Physiotherapy is helpful for restricted joint mobility and decreased muscle strength in the same areas, both before and during recovery from surgeries. A physiotherapist helps find solutions for discomfort caused by sedentary work and other musculoskeletal issues.
If possible, bring your test results with you. Exercises are easier to perform when wearing comfortable sportswear.
Overview
Patellofemoral pain syndrome, also known as runner’s knee, is a cartilage-related condition that often occurs as a result of overuse. It can affect both non-athletes and athletes, especially those involved in activities that require running or jumping.

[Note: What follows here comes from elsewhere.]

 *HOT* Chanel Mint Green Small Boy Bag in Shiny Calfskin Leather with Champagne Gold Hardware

Repetitive stress on the knee irritates the inner surface of the kneecap, causing pain. Symptoms often appear at a relatively young age, and the workload may not always be very high. It is important to note that tissue tolerance to load can be reduced by factors such as lack of sleep, mental strain, and stress.
Symptoms
The person complains of a diffuse burning pain in the front of the knee, localized at the upper edge or behind the kneecap. It is often difficult to keep the knee bent or to sit for a long time with bent legs. The pain worsens with physical activity such as running and jumping, going down stairs, squatting or kneeling, and prolonged sitting with bent knees. Knee crepitus may occur, especially after resting when starting to move, walking downstairs, squatting, or standing up.
Causes
- Overload. Repeated stress on the knee irritates the inner surface of the kneecap, causing pain.

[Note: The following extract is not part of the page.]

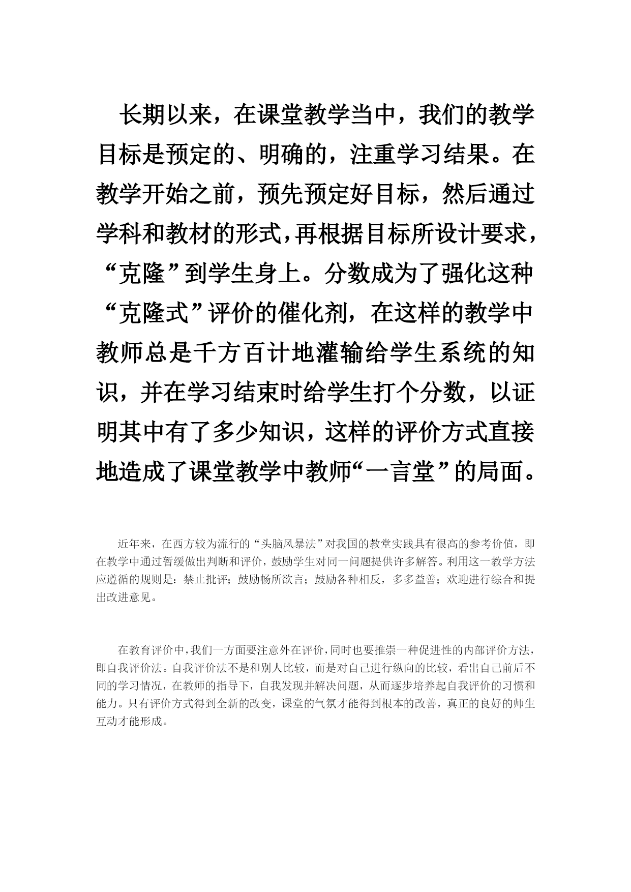 长期以来,在课堂教学当中,我们的教学目标是预定的、明确的,注重学习结果。在教学开始之前,预先预定好目标,然后通过学科和教材的形式,再根据目标所设计要求,“克隆”到学生身上。分数成为了强化这种“克隆式”评价的催化剂,在这样的教学中教师总是千方百计地灌输给学生系统的知识,并在学习结束时给学生打个分数,以证明其中有了多少知识,这样的评价方式直接地造成了课堂教学中教师“一言堂”的局面。 近年来,在西方较为流行的“头脑风暴法”对我国的教堂实践具有很高的参考价值,即在教学中通过暂缓做出判断和评价,鼓励学生对同一问题提供许多解答。利用这一教学方法应遵循的规则是:禁止批评;鼓励畅所欲言;鼓励各种相反,多多益善;欢迎进行综合和提出改进意见。 在教育评价中,我们一方面要注意外在评价,同时也要推崇一种促进性的内部评价方法,即自我评价法。自我评价法不是和别人比较,而是对自己进行纵向的比较,看出自己前后不同的学习情况,在教师的指导下,自我发现并解决问题,从而逐步培养起自我评价的习惯和能力。只有评价方式得到全新的改变,课堂的气氛才能得到根本的改善,真正的良好的师生互动才能形成。

- Muscle imbalance or weakness. The muscles around the knee and hip must ensure knee stability during movement and keep the kneecap aligned in its groove. Disturbance of the kneecap’s movement trajectory can lead to softening of the cartilage under the kneecap. For example, inward movement of the knee during a squat can cause patellofemoral pain syndrome. In athletes, patellofemoral pressure may be increased due to muscle hypertrophy and relative stiffness.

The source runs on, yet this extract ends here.